Collection entries:
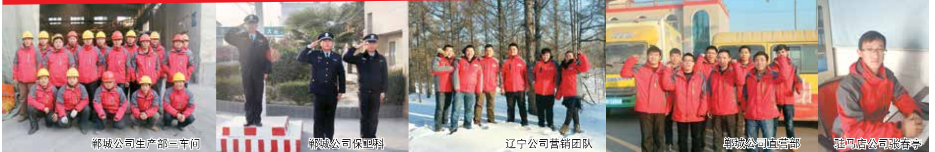
郸城公司生产部三车间
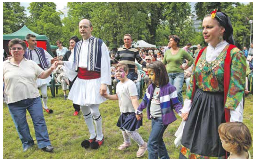
Görög néptánc a Hegyvidéki Napokon
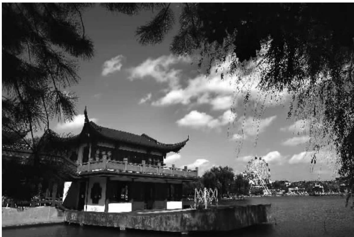
昨天，受副热带高压减退和台风外围影响，我市炎热感觉削弱，气温回落到高温线以下。让人惊喜的是，这两天蓝天白云唱起主角，城市各个角落都成了精美的明信片。
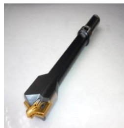
ストレートシャンクタイプ（一体型）
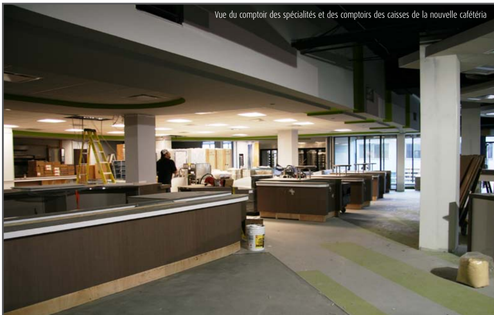
Vue du comptoir des spécialités et des comptoirs des caisses de la nouvelle cafétéria
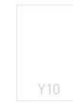
Y10 - 140x204 mm
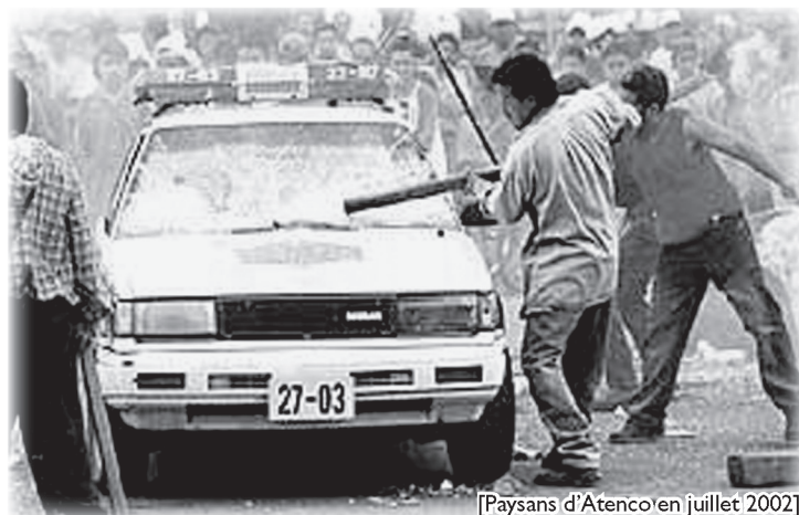
[Paysans d'Atenco en juillet 2002]

Les nouvelles élections du 12 octobre 2003 provoqueront les 29/30 novembre une baston générale lors de l'investiture du maire PRI (20 blessés).
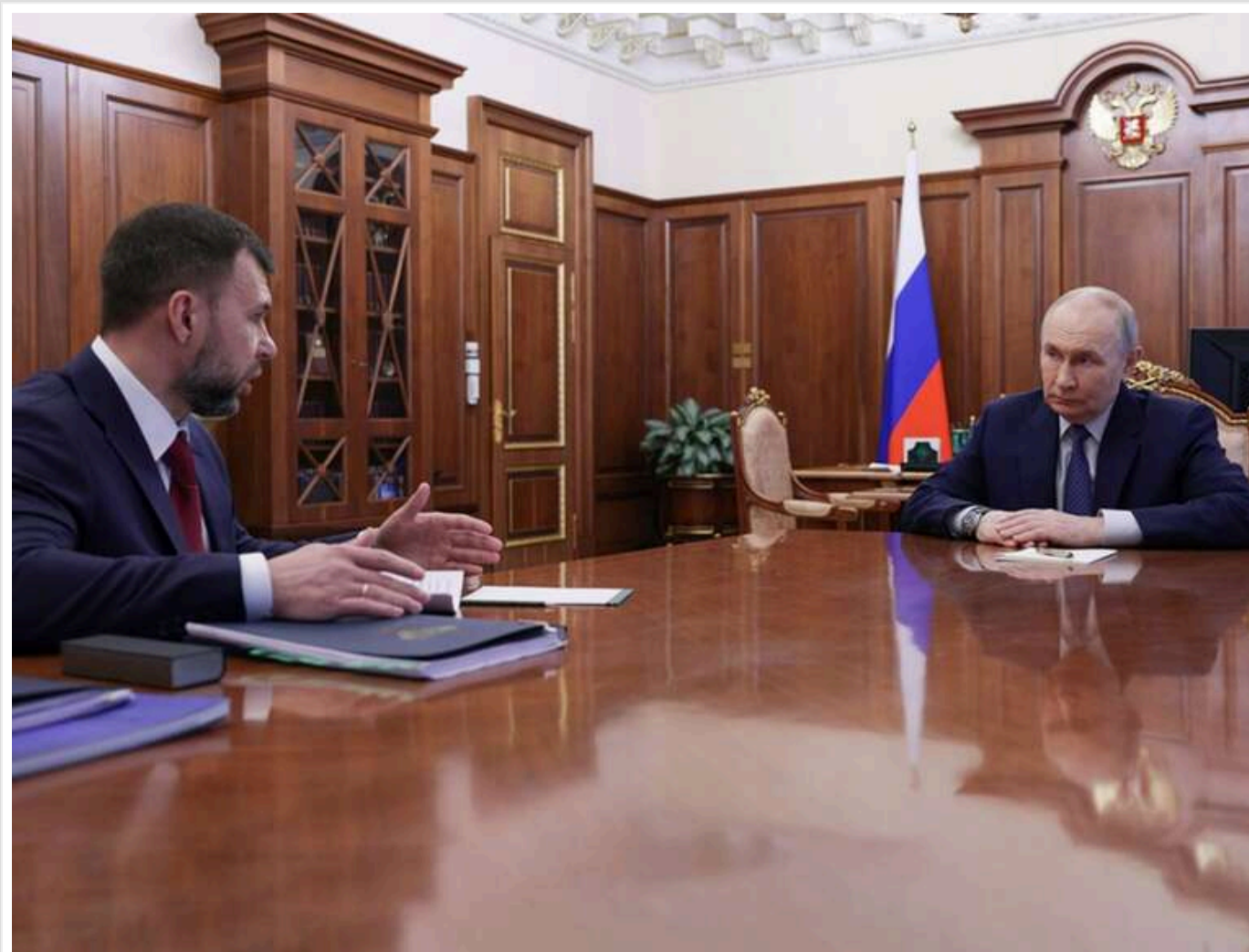
«Земля для колонізації»: ватажок "ДНР" Пушилін запропонував Путіну масово селити російських солдатів на окупованій Донеччині

Читати на руськом Додати як бажане джерело в Google
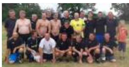
Equipe des anciens
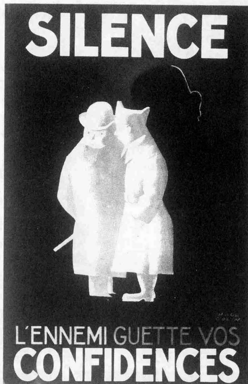
Affiche de février 1940, signée Paul Colin, format 59 x 38,5.

Auch au 214 o , soit au 220 o à Saint-Gaudens. Certains étaient aussi au 117 o régiment d'artillerie à Toulouse. Ils sont acheminés sur les divers points de la bataille annoncée. Ils racontent leurs périples à travers le pays.
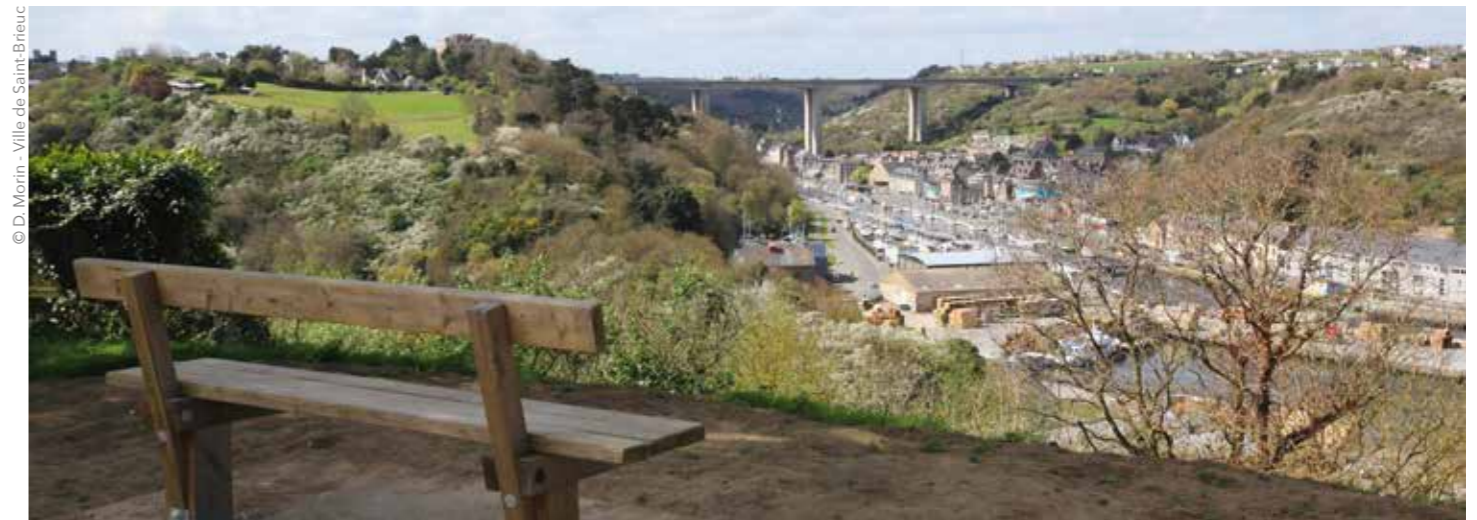
© D. Morin - Ville de Saint-Brieuc

### WHAT NEEDS TO BE DONE
Output the records above exactly as they are, leaving out the pictures.

### ANSWER BOX
郸城公司生产部三车间
Görög néptánc a Hegyvidéki Napokon
昨天，受副热带高压减退和台风外围影响，我市炎热感觉削弱，气温回落到高温线以下。让人惊喜的是，这两天蓝天白云唱起主角，城市各个角落都成了精美的明信片。
ストレートシャンクタイプ（一体型）
Vue du comptoir des spécialités et des comptoirs des caisses de la nouvelle cafétéria
Y10 - 140x204 mm
[Paysans d'Atenco en juillet 2002]

Les nouvelles élections du 12 octobre 2003 provoqueront les 29/30 novembre une baston générale lors de l'investiture du maire PRI (20 blessés).
«Земля для колонізації»: ватажок "ДНР" Пушилін запропонував Путіну масово селити російських солдатів на окупованій Донеччині

Читати на руськом Додати як бажане джерело в Google
Equipe des anciens
Affiche de février 1940, signée Paul Colin, format 59 x 38,5.

Auch au 214 o , soit au 220 o à Saint-Gaudens. Certains étaient aussi au 117 o régiment d'artillerie à Toulouse. Ils sont acheminés sur les divers points de la bataille annoncée. Ils racontent leurs périples à travers le pays.
© D. Morin - Ville de Saint-Brieuc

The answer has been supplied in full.